IvyGPT dominated CICAI 2023 Demo Paper event and aced CMB's medical evaluation.

Project Leaders

Rongsheng Wang

In our laboratory, we have recently introduced IvyGPT, a new large language model (LLM) specifically designed to enhance medical applications. While general LLMs like ChatGPT have achieved significant success in various domains, their application in the medical field has been limited due to low accuracy and the inability to provide medical advice. IvyGPT is built upon LaMA and trained using high-quality medical question-answer (QA) instances and human feedback reinforcement learning (RLHF). Through supervised fine-tuning, IvyGPT demonstrates excellent multi-turn dialogue capabilities.
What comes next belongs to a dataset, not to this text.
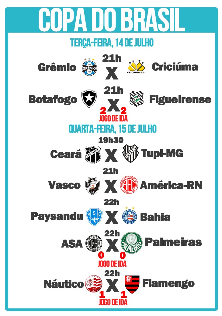 O Flamengo joga a partida de volta contra o Náutico no dia 15, na Arena Pernambuco. No mesma data, o Palmeiras faz o segundo jogo diante do ASA. Santos e Sport jogam a partida de volta no dia 22.  No jogo de ida, o Leão venceu por 2 a 1. Confira a tabela com os próximos jogos previstos:

However, it falls short in tasks requiring comprehensive diagnosis, comparable to doctors. With the use of RLHF, IvyGPT can generate more sophisticated diagnosis and treatment responses that approach human-level performance. During the training process, our laboratory employed the QLoRA method and trained IvyGPT with 3.3 billion parameters on a limited number of NVIDIA A100 (80GB) GPUs. Experimental results have demonstrated that IvyGPT outperforms other medical GPT models in the medical field. This study opens up new possibilities for integrating large language models into the medical domain, offering more accurate and comprehensive medical services for both doctors and patients. To evaluate IvyGPT's performance, it was tested on the Comprehensive Medical Benchmark (CMB), a comprehensive and multi-level assessment in the Chinese language. The CMB consists of 280,839 multiple-choice questions and 74 complex case consultation questions, covering various clinical medical specialties and professional levels. The benchmark provides a holistic evaluation of a model's medical knowledge and clinical consultation capabilities. IvyGPT achieved an impressive score of 38.54 on the CMB, surpassing the performance of ChatGPT. The CMB platform can be accessed at: CMB: Chinese Medical Benchmark. This benchmark serves as a valuable resource for evaluating and comparing medical language models.